ASP.NET MVC’s Html Helpers Render the Wrong Value!

First things first – oh no they don’t J

But it can look like a bug if you’re not used to MVC, so I thought it worth calling out.

Scenario

Imagine we have a pair of controller actions like this;

[HttpGet]

public ActionResult Index()

{

    var model = new MyModel

    {

        Count = 1

    };

    return View(model);

}

[HttpPost]

public ActionResult Index(MyModel model)

{

    if (!model.Name.StartsWith("Mr"))

        model.Name = "Mr " + model.Name;

  model.Count++;

    return View(model);

}

 

What this is doing should be obvious – we want to increment a counter every time a POST to the Index action occurs, and if they didn’t specify a prefix of “Mr” for their name we add it for them. Easy. The “Index” View to render this looks like this;

<% using (Html.BeginForm())

    { %>

    <%= Html.HiddenFor(m => m.Count)%>

    Name: <%= Html.TextBoxFor(m => m.Name)%>

    <input type="submit" value="Submit" />

<% } %>

This is pretty simple – we’re outputting the Counter as a hidden form field, and letting them type a Name into a Text Box.

The Problem

If you paste these into a solution and give it a try you’ll notice a problem – Name never gets the “Mr” prefix, and our Counter never increments! Instead, they just display exactly as they were POST-ed to the server. Set a breakpoint in the action and inspect the model – you’ll see it is being updated as expected within the action, yet still the changes are not rendered. So what’s going on?

Why?

ASP.NET MVC assumes that if you’re rendering a View in response to an HTTP POST, and you’re using the Html Helpers, then you are most likely to be redisplaying a form that has failed validation. Therefore, the Html Helpers actually check in ModelState for the value to display in a field before they look in the Model. This enables them to redisplay erroneous data that was entered by the user, and a matching error message if needed.

Since our [HttpPost] overload of Index relies on Model Binding to parse the POST data, ModelState has automatically been populated with the values of the fields. In our action we change the Model data (not the ModelState), but the Html Helpers (i.e. Html.Hidden and Html.TextBox) check ModelState first… and so display the values that were received by the action, not those we modified.

To prove this, make a tiny temporary change to the second action;

[HttpPost]

public ActionResult Index(MyModel model)

{

    if (!model.Name.StartsWith("Mr"))

        model.Name = "Mr " + model.Name;

  model.Count++;

  ModelState.Clear();

    return View(model);

}

This call to clear the ModelState will mean that the View now works as we expected. However, I wouldn’t recommend this as a long term solution. In reality, there are a few possible solutions;

1. If we want to display a confirmation page, we should be using the Post-Redirect-Get pattern, and not displaying this content in response to a POST. This means a view render during a POST is always a validation failure, which is what the MVC framework expects.

2. If we don’t want to do that, but we don’t want to perform any validation of the fields, we shouldn’t be using the Html Helpers. They only exist to assist with MVC framework functionality – if all you want to do is render simple HTML, guess what you should use? HTML! Just render data using <%= Model.Count %> etc.

3. If you don’t like that, you could consider avoiding Model Binding, and therefore avoiding ModelState from being populated. If we removed MyModel from the Index parameter list and instead accessed POST data using Request.Form this would work… but this fails to take advantage of MVC programming constructs, and complicates testability, so I would avoid it again.

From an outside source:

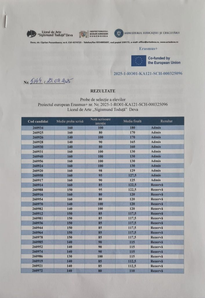 În data de 29.09.2025, s-au afișat rezultatele procesului de selecție pentru mobilitățile Erasmus+ din cadrul proiectului cu numărul 2025-1-RO01-KA121-SCH-000325096.

4. If you have a more complex scenario (perhaps validation on some POSTs, and manual manipulation of posted data on others) you may need to consider calling ModelState.Remove for a specific field – but exercise caution; I do not recommend this approach. Complex action interactions that don’t quite fit with the framework are much more likely to cause you problems later.

There may be other solutions – such as writing your own Model Binder, but fundamentally they’re likely to change how MVC works, so I’d recommend avoiding them for this particular problem. If you’ve come up with something that fits well do let me know though.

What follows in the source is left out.